Hyloxalus idiomelus
- Conservation status: Data Deficient (IUCN 3.1)

Scientific classification
- Kingdom: Animalia
- Phylum: Chordata
- Class: Amphibia
- Order: Anura
- Family: Dendrobatidae
- Genus: Hyloxalus
- Species: H. idiomelus
- Binomial name: Hyloxalus idiomelus (Rivero, 1991)
- Synonyms: Colostethus idiomelus Rivero, 1991; Colostethus idiomelas (typo);

= Hyloxalus idiomelus =

- Authority: (Rivero, 1991)
- Conservation status: DD
- Synonyms: Colostethus idiomelus Rivero, 1991, Colostethus idiomelas (typo)

Species of amphibian

Hyloxalus idiomelus (Rivero's rocket frog) is a species of frogs in the family Dendrobatidae. It is endemic to the northern part of the Cordillera Central of northern Peru.<

==Description==
Males measure 20–25 mm and females 23–28 mm in snout–vent length. The body is robust. Skin on dorsum is smooth to shagreen. Dorsum is dull tan to rich orange-brown to grayish tan in colour, with green tint in some places. Dorsolateral stripe is pinkish tan, yellowish orange, or cream coloured. The labial stripe is pinkish tan in colour. Some surfaces of the hind legs are yellow or orange in color. The undersides of the limbs are yellow in colour. The iris of the eye is bronze in colour. There is no webbed skin on the hind feet.

Free-swimming tadpoles are up to 43 mm in total length, whereas tadpoles transported on the back of their father measure 10–12 mm.

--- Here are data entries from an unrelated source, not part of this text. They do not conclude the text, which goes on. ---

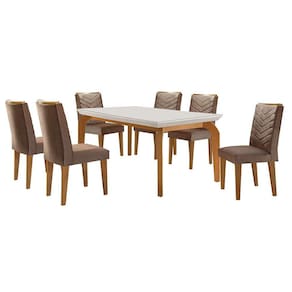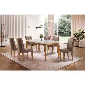 que tal o conjunto de mesa e cadeiras turquesa? conquistar sua sala de jantar dos sonhos vai ficar fácil com o conjunto turquesa. completo para o dia a dia, o kit une mesa espaçosa e cadeiras aconchegantes, tudo para promover o bem-estar necessário às refeições em família ou com amigos. além de muita funcionalidade, você também leva um design elegante e contemporâneo para o seu cantinho, graças à valorização do tom neutro e do acabamento amadeirado. ah, notou que a mesa tem aplicação de vidro no tampo? um charme extra para sua casa que ainda facilita a limpeza :) Marca: Modern Ean: 7908560504590
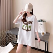合わせやすい チャーミング 切り替え プリント Tシャツ カットソー<ins-3480>
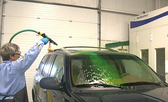 將按照一定比例稀釋的水性熒光檢漏劑添加到LUYOR-3030熒光劑儲液瓶中,開啟開關(guān),熒光劑將和水按照一定比例噴射在車身上面。如果模擬汽車在高速行進在大雨中,需將熒光劑儲液瓶卸下,將熒光劑按照一定濃度比例稀釋好,用高壓模式噴射在車身表面。
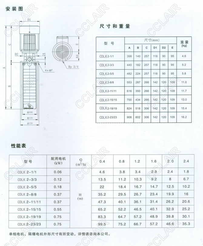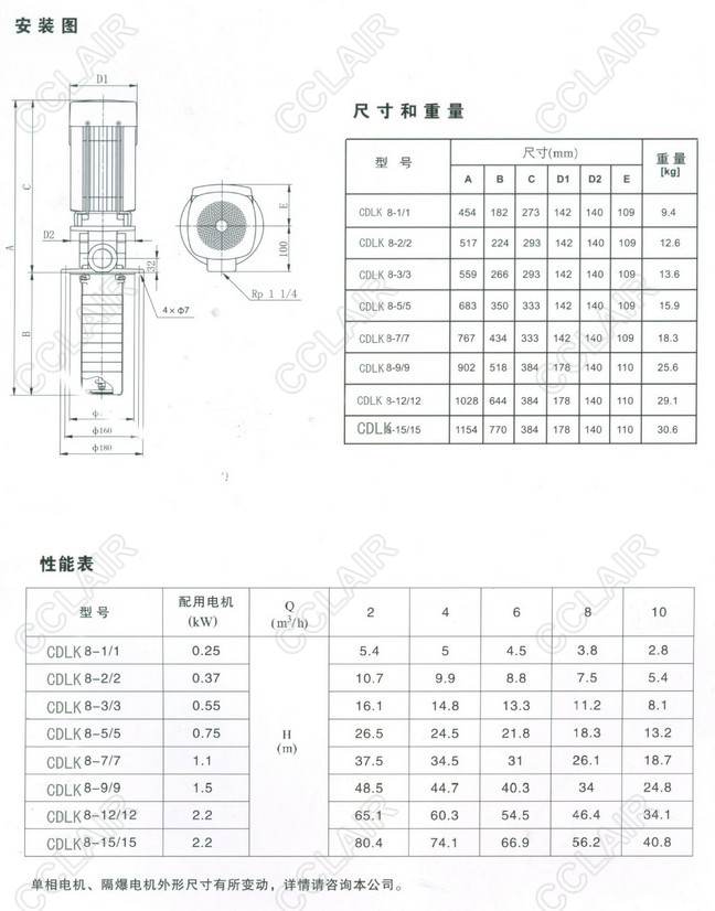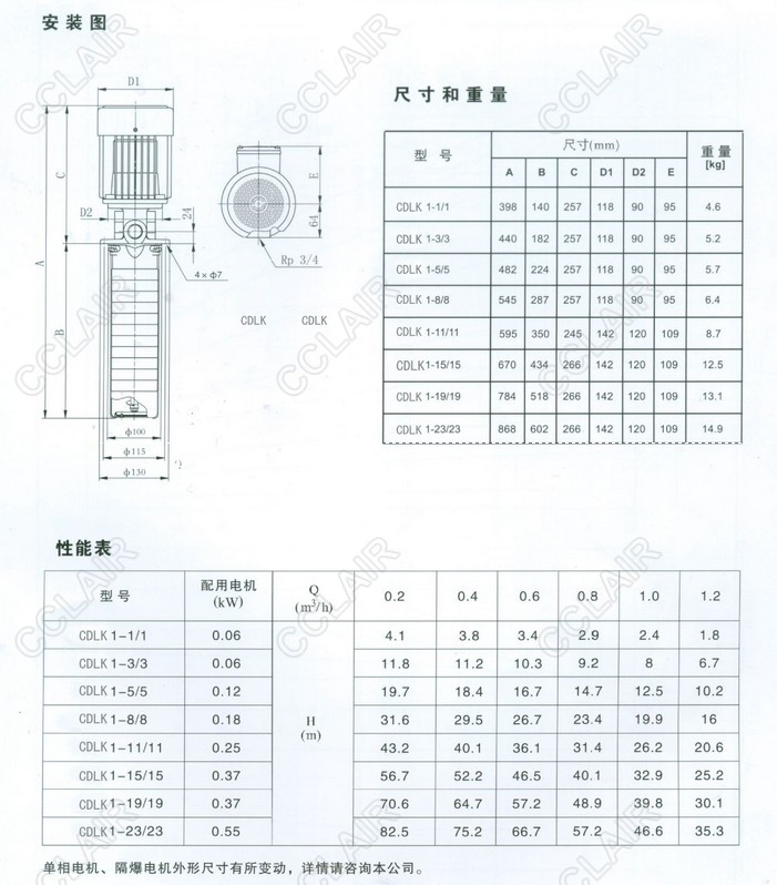 CDLK1-1/1,CDLK1-3/3,CDLK1-5/5,CDLK1-8/8,CDLK1-11/11,CDLK1-15/15,CDLK,浸入式多级离心泵

==Habitat and reproduction==
Its natural habitats are humid tropical montane forests between 1620 and 2840 meters above sea level, typically near seepages and along small streams. It has also been recorded from disturbed forest and cultivated land. This frog is diurnal. Tadpoles develop in slow-moving and sometimes marshy streams where they are carried on the back of their father.

==Conservation and threats==
The IUCN classifies this frog as data deficient. Threats include habitat loss associated with agriculture, logging, and urbanization. The fungal disease chytridiomycosis has killed other amphibians in the area, so scientists infer that it may kill this frog as well.

Scientists have observed this frog in two protected parks: Alto Mayo Protection Forest and Tilacancha Private Conservation Area.